* [Your goal] Return the material below exactly, but only from the line with "ค๋ฉด ์ปดํจํฐ์ ๊ฐ์ข" through the line with "We’ve been seeing", and without its pictures.

--- Record extracts ---

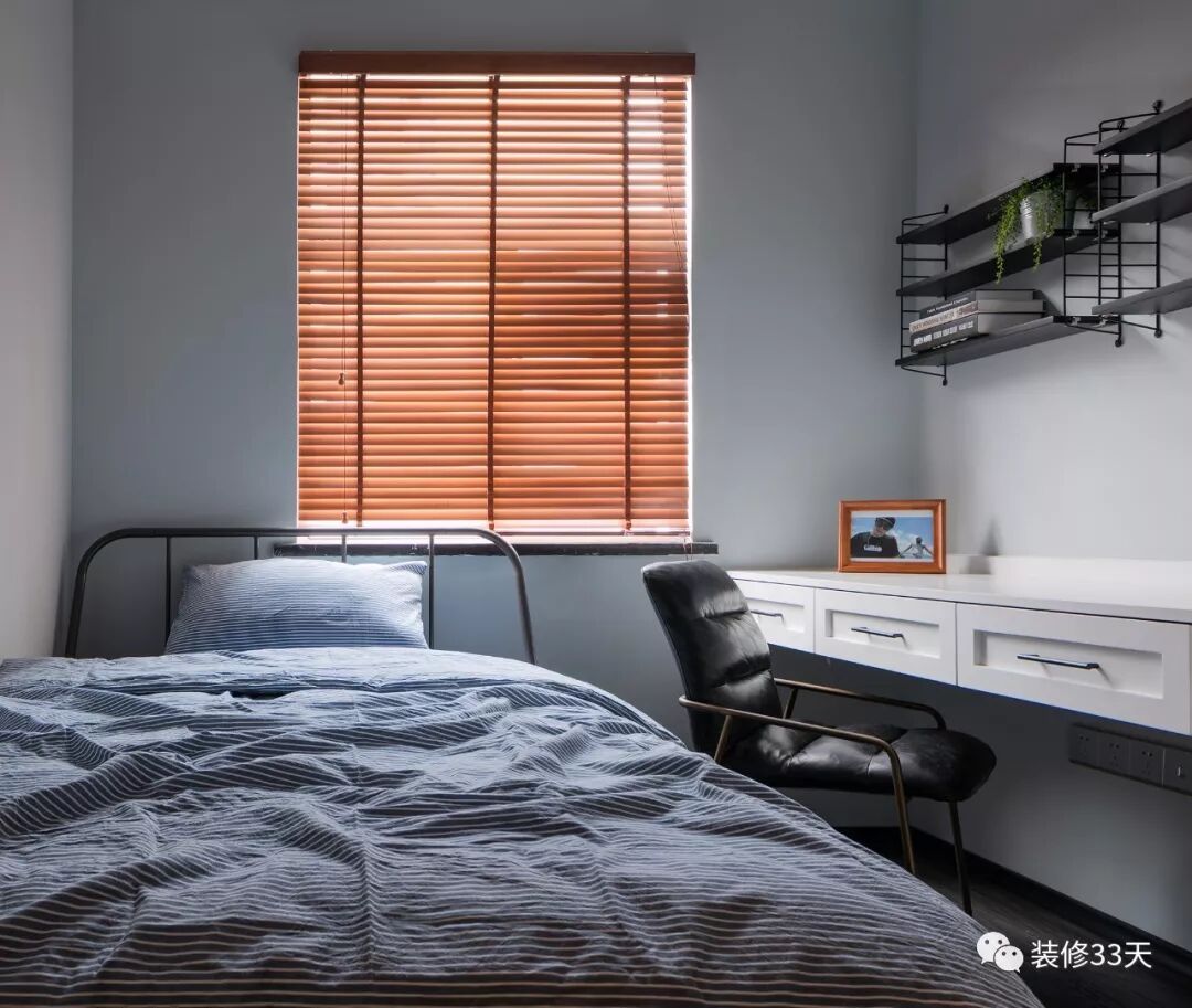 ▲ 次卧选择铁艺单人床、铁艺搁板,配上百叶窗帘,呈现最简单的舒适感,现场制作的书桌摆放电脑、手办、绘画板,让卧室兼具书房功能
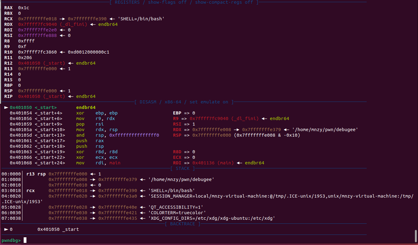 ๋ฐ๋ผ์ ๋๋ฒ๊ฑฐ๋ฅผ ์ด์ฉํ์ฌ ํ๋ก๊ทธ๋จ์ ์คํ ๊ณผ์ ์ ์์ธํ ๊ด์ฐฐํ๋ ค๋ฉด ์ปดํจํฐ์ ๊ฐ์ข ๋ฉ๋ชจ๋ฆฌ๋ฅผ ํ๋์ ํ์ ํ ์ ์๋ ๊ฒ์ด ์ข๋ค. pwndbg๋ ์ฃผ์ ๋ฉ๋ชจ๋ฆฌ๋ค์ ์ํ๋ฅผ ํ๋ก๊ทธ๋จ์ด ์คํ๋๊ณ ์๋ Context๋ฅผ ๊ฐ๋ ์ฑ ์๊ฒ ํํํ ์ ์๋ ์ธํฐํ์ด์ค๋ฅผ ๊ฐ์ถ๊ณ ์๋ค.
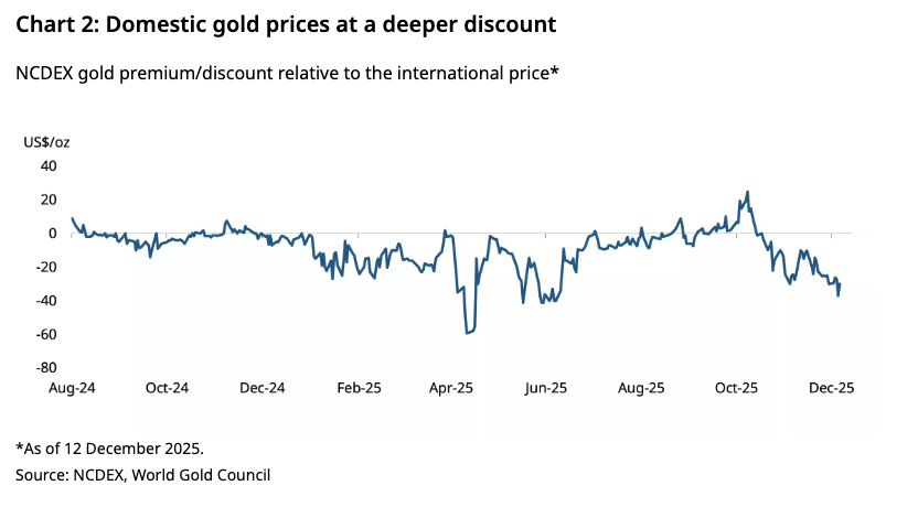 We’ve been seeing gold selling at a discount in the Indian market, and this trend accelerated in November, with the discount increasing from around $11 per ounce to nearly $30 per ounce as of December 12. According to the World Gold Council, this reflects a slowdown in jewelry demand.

---
--- Record extracts ---

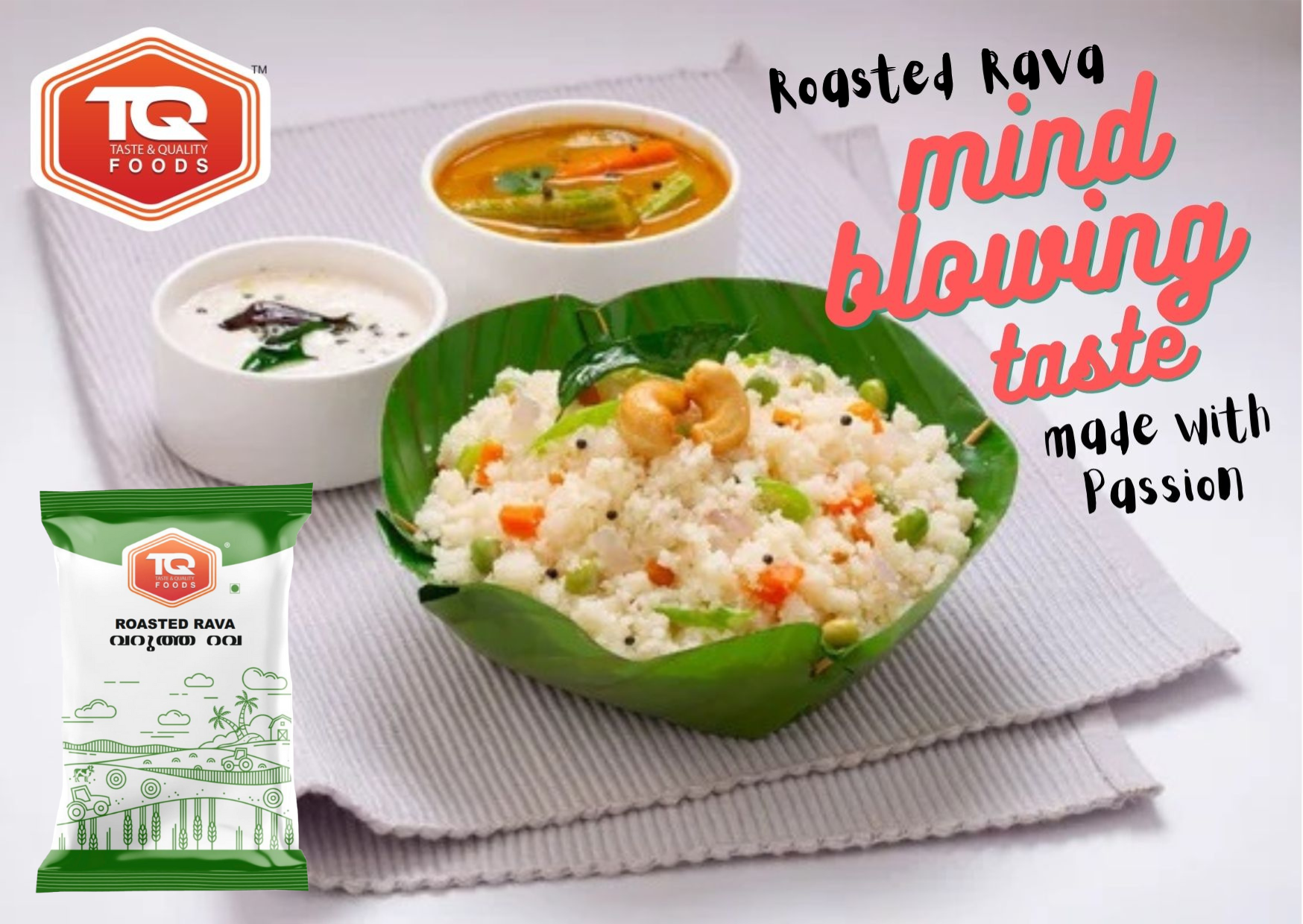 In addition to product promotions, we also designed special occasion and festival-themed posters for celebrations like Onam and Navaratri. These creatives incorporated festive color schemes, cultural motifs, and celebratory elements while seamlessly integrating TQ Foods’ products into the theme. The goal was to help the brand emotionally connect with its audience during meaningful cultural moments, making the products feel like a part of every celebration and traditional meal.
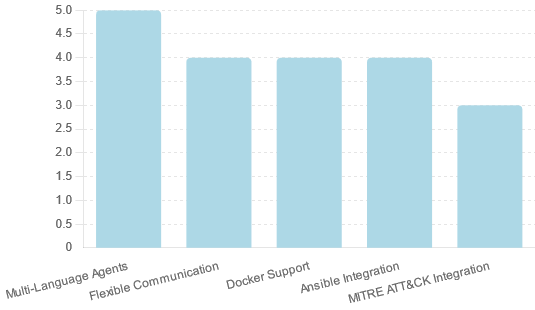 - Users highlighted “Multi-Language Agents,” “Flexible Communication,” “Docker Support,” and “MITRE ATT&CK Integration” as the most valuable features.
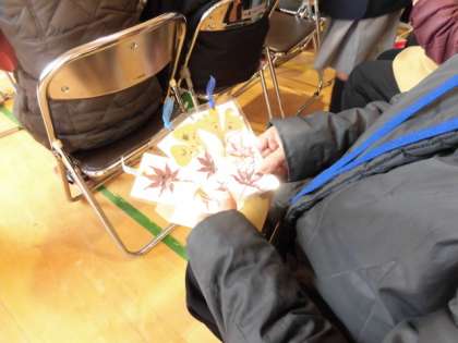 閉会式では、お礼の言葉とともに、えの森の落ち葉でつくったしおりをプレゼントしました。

---

* [Written answer]
 ๋ฐ๋ผ์ ๋๋ฒ๊ฑฐ๋ฅผ ์ด์ฉํ์ฌ ํ๋ก๊ทธ๋จ์ ์คํ ๊ณผ์ ์ ์์ธํ ๊ด์ฐฐํ๋ ค๋ฉด ์ปดํจํฐ์ ๊ฐ์ข ๋ฉ๋ชจ๋ฆฌ๋ฅผ ํ๋์ ํ์ ํ ์ ์๋ ๊ฒ์ด ์ข๋ค. pwndbg๋ ์ฃผ์ ๋ฉ๋ชจ๋ฆฌ๋ค์ ์ํ๋ฅผ ํ๋ก๊ทธ๋จ์ด ์คํ๋๊ณ ์๋ Context๋ฅผ ๊ฐ๋ ์ฑ ์๊ฒ ํํํ ์ ์๋ ์ธํฐํ์ด์ค๋ฅผ ๊ฐ์ถ๊ณ ์๋ค.
 We’ve been seeing gold selling at a discount in the Indian market, and this trend accelerated in November, with the discount increasing from around $11 per ounce to nearly $30 per ounce as of December 12. According to the World Gold Council, this reflects a slowdown in jewelry demand.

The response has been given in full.